Роль матери героя сначала досталась мне. Это была очень трудная роль. Когда герой получает в Москве свое ответственное задание, он приходит к матери проститься. И мать на прощание крестит его и целует. Крестить Гришку я еще могла, но целовать! Напрасно Ольга Николаевна втолковывала мне, что я должна войти в образ, представить себе, что я старая женщина, которая не знает, суждено ли ей еще хоть раз увидеть сына. Когда я, войдя в образ, печально подходила к Гришке для материнского поцелуя, он как бы ненароком поворачивался спиной к залу и начинал мне подмигивать и плотоядно облизываться. И я каждый раз умирала от смеха и конфуза.
Ольга Николаевна в конце концов деликатно отозвала меня в сторонку и спросила, не буду ли я очень огорчена, если она попробует на роль матери Валю Шихматову.
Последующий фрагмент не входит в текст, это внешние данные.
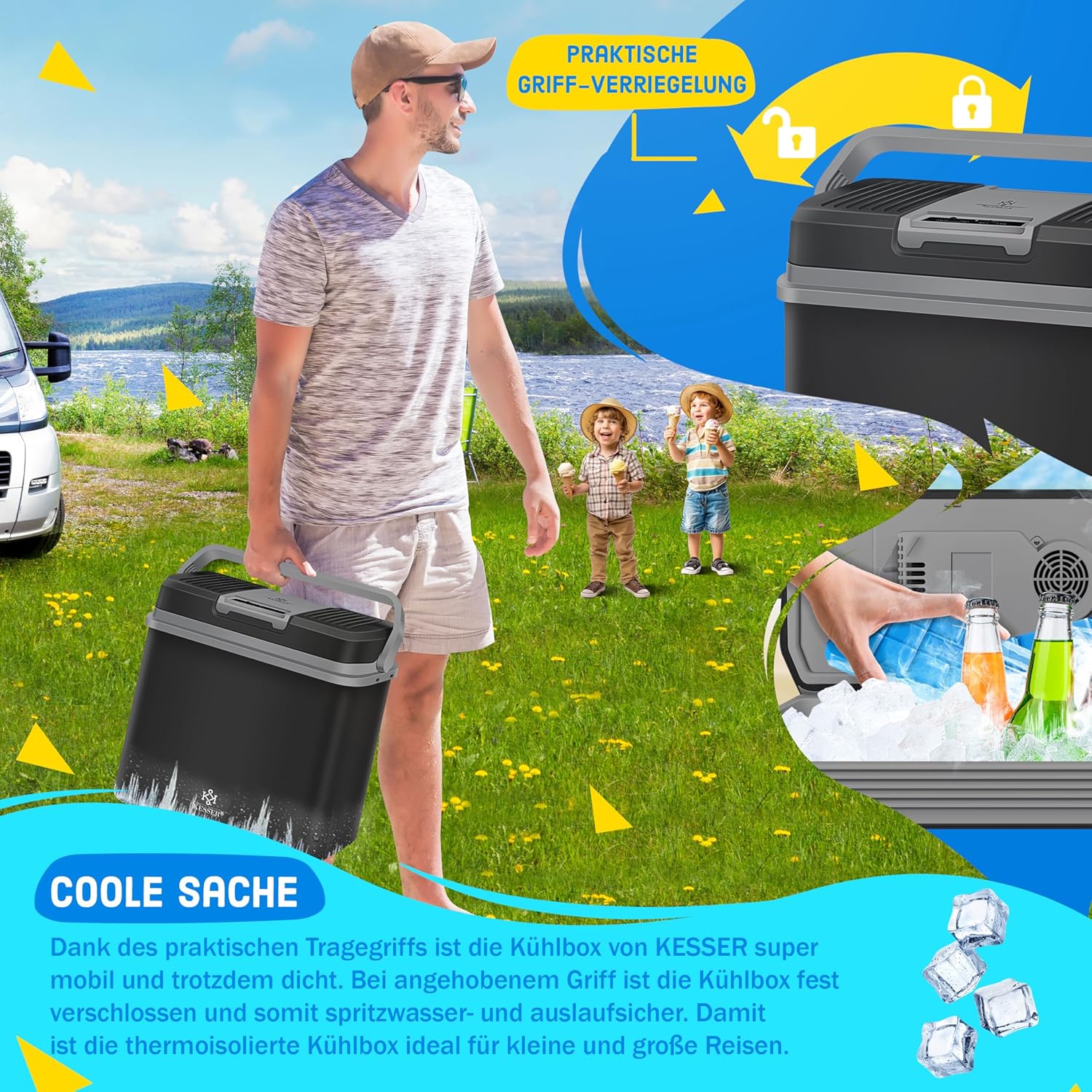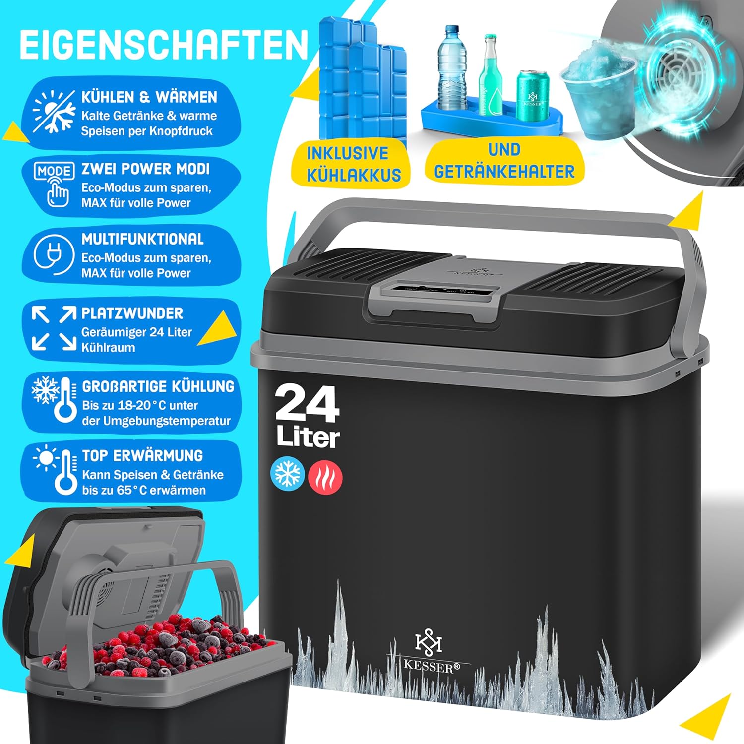 KESSER KE-24L Thermo-elektrische koelbox. De Kesser koelbox van 24 liter biedt je koude dranken in de zomer en warme gerechten in de winter. Dit veelzijdige product is uitgerust met een koel- en warmtefunctie. Dankzij de thermostaatgeregelde warmhoudfuncties kunnen levensmiddelen tot een temperatuur van 65 °C warm worden gehouden. Productvoordelen: thermo-elektrische koelbox van 24 liter. Om warm te blijven, opwarmen en afkoelen. 12 V en 230 V stopcontact door geïntegreerde AC/DC-transformator. Holle handgreep in het deksel, dekselopening in 2 standen mogelijk. Draaggreep, ook om het deksel te vergrendelen. Energieverbruik volgens energie-efficiëntieklasse: 70 kWH per jaar. Maximaal geluidsniveau bij 35 dB, in extra stille ECO-modus. 2 programma's: koud, warm 2 standen: Eco (alleen voor 230 V), max. Verwisselbare zekering (T6,3AL250V) in 12 V universeel stopcontact ter bescherming van de koelbox. Rood ledlicht in warme modus en groen ledlicht in de koude modus. Eenvoudig te bedienen en klaar voor gebruik met 2 schakelaars. Ruimtebesparend: 37 x 24 cm. Isolatiegas Cyclopentan C5H10 voor een betere isolatie. Kabelopbergvak, altijd alles binnen handbereik en klaar voor gebruik. Vermogen: 58 W, ECO-modus 8 W. Maximale hoogte fles: 34 cm. Afmetingen: kabellengte 230 V, stekker 1,4 m. Kabellengte: 12 V: 1,6 m. Binnenkant: 34 x 18 x 34 cm (b x d x h). Buitenafmetingen: 37 x 24 x 43 cm (b x d x h). Inhoud: koelbox met 230 V-stekker en 12 V-stekker.

Я не только не была огорчена, а даже очень обрадовалась. Именно тогда я поняла, что в театре мое место только в зрительном зале. К тому же подошла моя очередь на «Шерлока Холмса», которого мы тем летом запоем читали. Не помню, кому принадлежала эта недавно переизданная, но уже аппетитно потрепанная книга в привлекательной обложке «Библиотеки приключений», но она пользовалась огромной популярностью, переходила из рук в руки, ожидающие трепетали в предвкушении, те, кому было невтерпёж, просили тех, кто уже прочитал, рассказать содержание, и те вдохновенно и подробно рассказывали, доходя чуть ли не до ссор и драк в обсуждении подробностей. Другие, наоборот, просили не рассказывать, а то читать будет неинтересно. Можно сказать, что то Плёсковское лето прошло у нас под знаком славных литературных имен: Артура Конан Дойля и братьев Тур.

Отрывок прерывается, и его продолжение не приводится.